Work to complete — Return nothing but the lines from the one with "Off-Shoulder Strapless Side" through the one with "美しいドレープや随所に煌めくクリスタルが パーティーを華やかに演出" in the data below, word for word and without pictures.

Data in this exercise: Begin

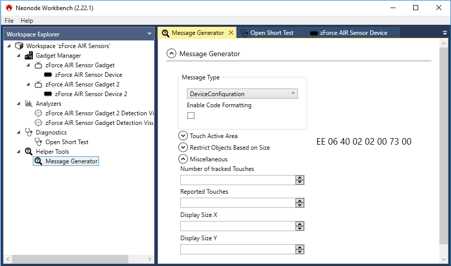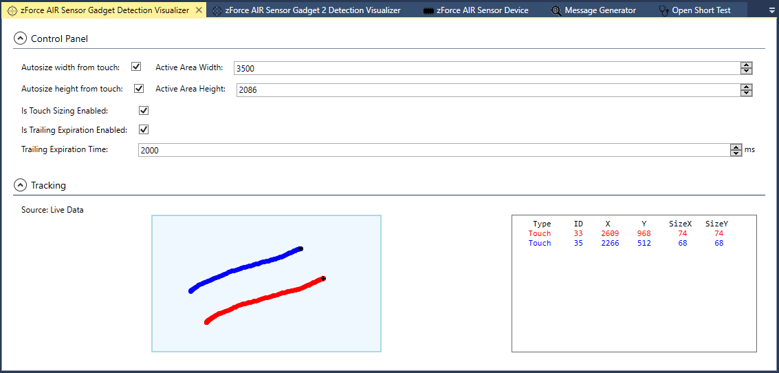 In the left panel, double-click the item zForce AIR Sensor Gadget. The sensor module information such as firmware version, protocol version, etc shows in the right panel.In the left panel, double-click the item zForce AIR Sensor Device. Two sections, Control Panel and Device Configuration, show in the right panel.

Data in this exercise: End
Data in this exercise: Begin

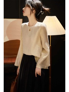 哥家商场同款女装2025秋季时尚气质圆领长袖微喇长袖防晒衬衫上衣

Data in this exercise: End
Data in this exercise: Begin

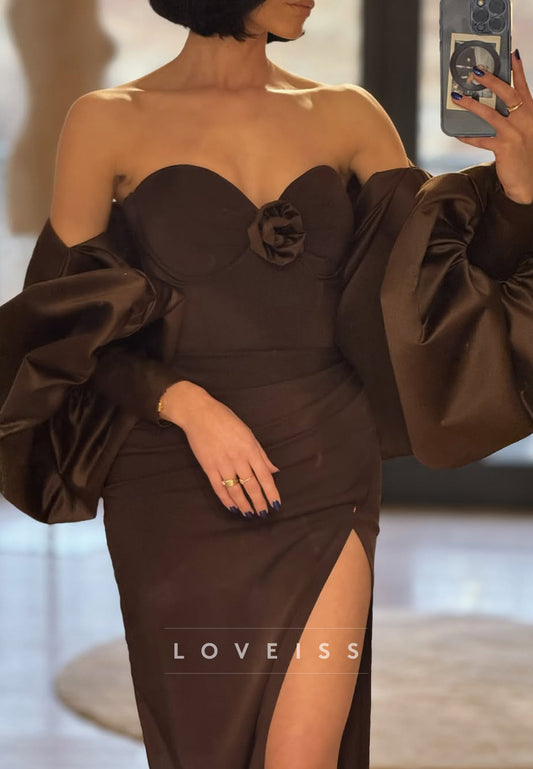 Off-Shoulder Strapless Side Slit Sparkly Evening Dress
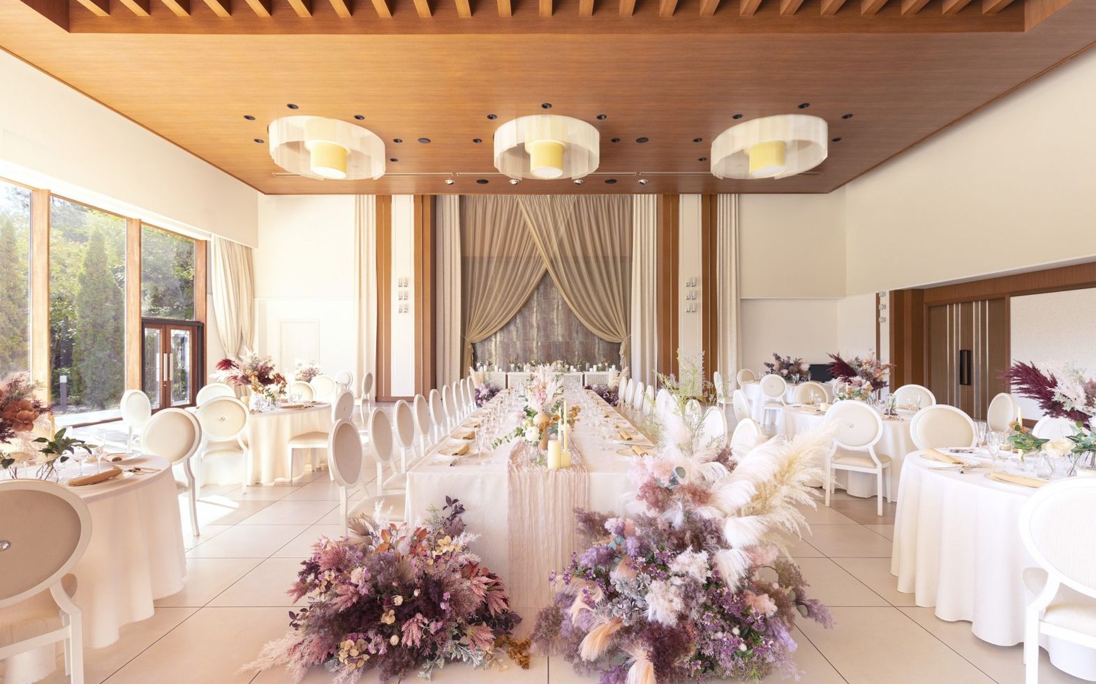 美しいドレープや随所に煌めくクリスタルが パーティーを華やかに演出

Data in this exercise: End

Reply —
 Off-Shoulder Strapless Side Slit Sparkly Evening Dress
 美しいドレープや随所に煌めくクリスタルが パーティーを華やかに演出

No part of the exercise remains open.